You seem to be talking about a vastly different use case.

Containerized apps having their own database? What? Aren’t these types of containers stateless? I always very much try to keep state out of app containers.

What kind of data storage are we talking about?


If an app needs a database, it gets a database server container, instead of getting a user and database on a shared database server as things used to be done. Every little django app has its own postgres container. Every wordpress site gets its own mysql container. That is the modern way.

Those database containers get a PVC/volume/mount for their data dirs. The only thing ever connecting to them is their "owner" application container. So at that point, why not drop the postgres container and PVC mount a sqlite directory in the app container? The result is the same.


And when you need to scale to thousands of instances of your microservice?

Yeah this is the part I don’t get. It seems like people are talking about 1 distinct app = 1 container and this is the new normal? We’re back to managing cows instead of cattle again?

I just think a lot of people here haven't ever worked on large scale systems. They don't know what the don't know.

I think a lot businesses build large distributed systems prematurely. They don't know what they don't know.

What on earth needs thousands of instances? Are you building a CDN? Most apps can be a single server or sharded by business/region.

Honestly, this whole leys run loads of nodes seems to have sprung up from languages that are slow oe don't have decent concurrency.


That's the whole thesis; YAGNI.

Yes if you run a database server like an embedded application database, then it won’t be very different from an embedded application database.

How do you do server maintenance or handle hardware failure if your database is SQLite? You are going to have to take downtime, even in the best scenario.

1. Proxmox live migration or HA, Ceph storage

2. K8S DaemonSet, PVC backed by probably Ceph

3. Just..don't care? Do maintenance outside of working hours, fix issues quickly and explain things nicely to your customers. Not everything is google-scale. Most people can deal with some downtime.

And it's not like you won't have downtime in let's say a postgres-backed app. But now you have two "servers" to deal with.


Those first two options add more complexity than just using an external database.

I guess I am just not used to downtime being acceptable. Spent most of my career working for a CDN, any sort of downtime was simply unacceptable. I can't stop myself from that sort of thinking now.


It's complexity you already have. You need some sort of HA for your app server and some sort of resilient storage for your database server. Using sqlite just means the storage is used by the app server directly, nothing more.

Every container gets its own database?

Yes? Well, every "app", as I quite explicity wrote. Look up the docker compose file or helm chart for basically any app. I'm running dozens of apps, each with their own postgres, redis and nginx containers alongside the main application server. That's what the stack is designed for.

The Compose file is written like that so you can quickly try the app without setting up extra dependencies. Usually not for production use.

Especially since in production you might want to scale the parts separately.

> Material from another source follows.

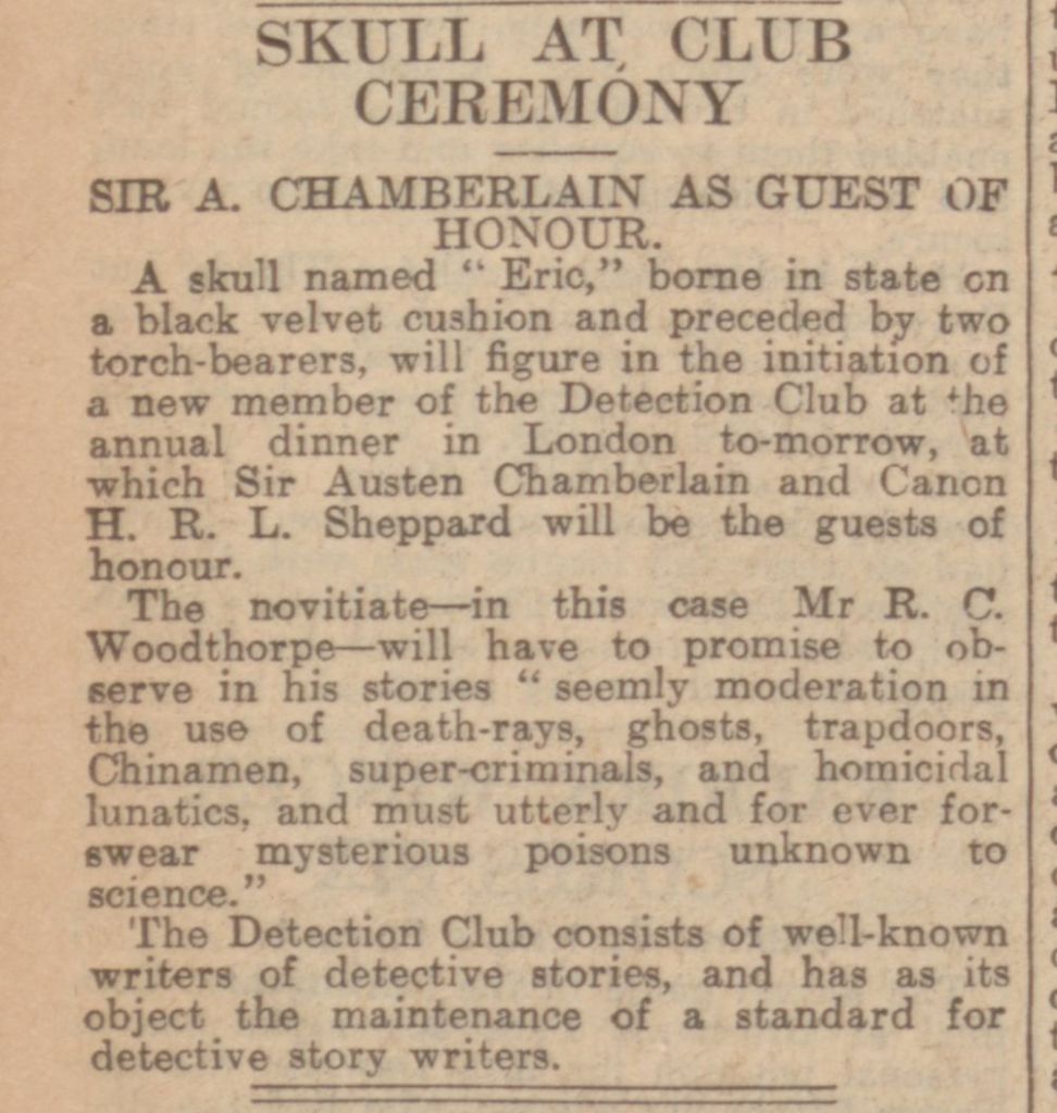 The format of Agatha’s fictional ‘Tuesday Night Club’ in which a group of amateur detectives meet to discuss crime, mirrors Agatha’s own membership of The Detection Club, which formed in 1930. Started by fellow crime writers Anthony Berkeley (author of The Poisoned Chocolates Case), and Dorothy L Sayers (creator of Lord Peter Wimsey), the group met at their headquarters on Gerrard Street in London’s Soho district, to discuss criminology, police procedure, and true-crime cases, over dinner. The group invited other worthy crime writers to join them and were known to require new members to swear a tongue-in-cheek oath on the skull of Eric, the club mascot, to follow certain rules of crime writing. These ‘rules’ followed the idea of fair play, in which readers had to be given all the necessary clues to identify ‘whodunnit’. It expressed a formulaic list of ingredients needed for the perfect work of detective fiction.

I like to have a Postgres cluster to connect where backup is already handled, and the app then doesn’t have any persistent data, doesn’t need any network volume mounts.


Sqlite is good for lots of stuff, but you're probably focusing your days on high-scale webapps that want sharding with networked DBs. That's one domain, and an interesting one, but there are lots of others.

I'm a big fan of re-evaluating prior "best practices" in light of technology changes, especially in ways that improve simplicity. Running my family's social media site off a single sqlite DB on a VPS is great. ~15 users, almost zero maintenance. I run my FreshRSS instance off of sqlite, as well as my "now" page. At work, I used sqlite for all kinds of things over the past decades: as an ad hoc job queue, as a quick way to ingest and query lots of logs locally, and present/filter in realtime with simonw's excellent https://github.com/simonw/datasette.

I don't think it's every "sqlite for everything" as much as it is "sqlite in lots of places you probably didn't think to apply it."

kentonv/Cloudflare's work on sqlite at the edge might have made this thinking a bit more popular, but it was always around. https://blog.cloudflare.com/sqlite-in-durable-objects/

I suspect being aware of all those little neat cases and wanting to leverage sqlite for them may be an indicator of experience, rather than the opposite.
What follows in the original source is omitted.